Volunteer Canada, la Société John Howard et la Société Elizabeth Fry craignent également que le fait de mettre l’accent sur l’accès aux dossiers de réhabilitation ne procure un faux sentiment de sécurité en reléguant dans l’ombre d’autres éléments clés de la sélection du personnel pour des postes de confiance par rapport à des personnes vulnérables(17).


(1) La Loi prévoit déjà cette possibilité. En effet, le paragraphe 4.2(3) stipule déjà que la Commission doit tenir compte des observations verbales ou écrites qui lui sont présentées « par le demandeur ou pour son compte » avant de rendre sa décision, lorsqu’elle a donné avis de son intention de rejeter la demande.

(2) Code criminel, articles 109 et 110, et Loi sur la Défense nationale, S.R.C. (1985), ch. N-5, modifiée, paragraphe 147.1(1).

(3) Code criminel, article 161.

(4) Ibid., article 259.

(5) Commission nationale des libérations conditionnelles, Faits : les réhabilitations, p. 1; et Solliciteur général du Canada, Le gouvernement fédéral comble un vide dans le filtrage des délinquants sexuels réhabilités, document d’information, Ottawa, mars 1999.

(6) Henry Campbell Black, Black’s Law Dictionary, 6e éd., St. Paul (Minnesota), West Publishing Co., 1990, p. 1548.

(7) Silver c. Silver (1980), 15 R.F.L. (2d) 142 (C.A. Alb.); Canada (Ministre de l’Emploi et de l’Immigration) c. Burgon, [1991] 3 C.F. 44 (C.A.), p. 59-60; et Lui c. Canada (Ministre de l’Emploi et de l’Immigration) (1997), 39 Imm. L.R. (2d) 60, 134 F.T.R. 308.

(8) Chapitre 23, p. 447 du rapport : « Le Comité recommande que, sous réserve du contenu du présent rapport en ce qui a trait à l’enquête criminelle et des garanties et restrictions y stipulées, une condamnation qui a été invalidée ou annulée est censée ne jamais avoir existé, relativement à tout ce qui relève de la compétence du Parlement […] »

(9) Smith c.
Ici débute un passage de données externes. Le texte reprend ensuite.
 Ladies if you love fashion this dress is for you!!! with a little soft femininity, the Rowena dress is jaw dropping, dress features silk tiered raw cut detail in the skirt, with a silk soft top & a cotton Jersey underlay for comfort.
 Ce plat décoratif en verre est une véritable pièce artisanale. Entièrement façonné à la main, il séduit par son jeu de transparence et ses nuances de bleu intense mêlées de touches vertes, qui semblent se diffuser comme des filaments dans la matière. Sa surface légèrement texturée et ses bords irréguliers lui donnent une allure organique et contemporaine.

Canada (Ministre de la Citoyenneté et de l’Immigration), [1998] 3 C.F. 144 (T.D.); et C.(J.) c. B.C. (Director of Child, Family and Community Services) (1997), 42 B.C.L.R. (3d) 178 (S.C.).
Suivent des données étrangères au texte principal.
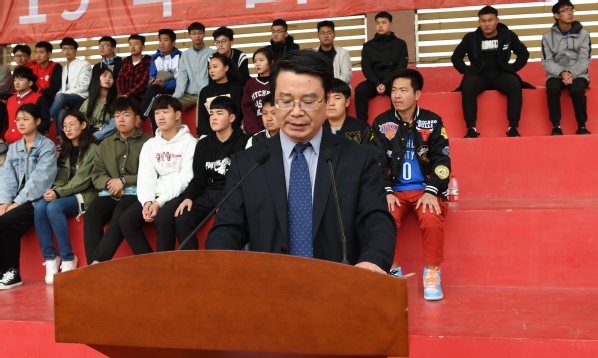 校长孔凡士致闭幕词。他代表学校党委、行政向在本次运动会中取得优异成绩的集体和个人表示热烈的祝贺,向为筹备运动会付出辛勤劳动的组委会全体成员和积极参加运动会的全体运动员、教练员、裁判员,以及所有为运动会付出努力的老师们、同学们表示衷心的感谢!他指出,本届运动会准备充分、组织严密、进展有序、成绩显著,各项赛事激烈交锋、精彩不断,运动会始终洋溢着团结、竞争、友爱的热烈气氛。同时,他希望全校师生携起手来,加强锻炼,强健体魄,把奥林匹克“更高、更快、更强”的口号化作强大的精神动力,在今后的学习与工作中持续拼搏进取,不断创造佳绩,续写学校事业发展灿烂辉煌的新篇章!

(10) Solliciteur général du Canada, Communiqué, « Le gouvernement fédéral comble un vide dans le filtrage des délinquants sexuels réhabilités », Ottawa, 15 mars 1999. Cet insistance sur les infractions à caractère sexuel est également évident dans les projets de règlements afférents à la loi.

(11) Comme la Loi ne précise aucune sanction pour quiconque est reconnu coupable d’une infraction prévue à l’article 10, les infractions tombent sous le coup de la disposition générale du Code criminel pour les infractions punissables sur déclaration de culpabilité par procédure sommaire (paragraphe 787(1)), qui prévoit une amende maximum de 2 000 $ et une peine d’emprisonnement d’au plus six mois, ou l’une de ces deux peines.
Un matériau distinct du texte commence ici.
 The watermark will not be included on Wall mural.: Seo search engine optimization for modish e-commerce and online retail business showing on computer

(12) Voir la note 11 en bas de page.

(13) Chambre des communes, Comité permanent de la justice et des droits de la personne, Procès-verbaux et témoignages, 1re session, 36e législature, 18 mars 1999 et 23 mars 1999.

(14) Ibid. et lettre de la Société Saint Léonard du 17 mars 1999.

(15) Lettre de la Criminal Lawyers’ Association du 18 mars 1999, et Chambre des communes, Comité permanent de la justice et les droits de la personne, 23 mars 1999.

(16) Ibid.

(17) Chambre des communes, Comité de la justice et des droits de la personne, 18 et 23 mars 1999.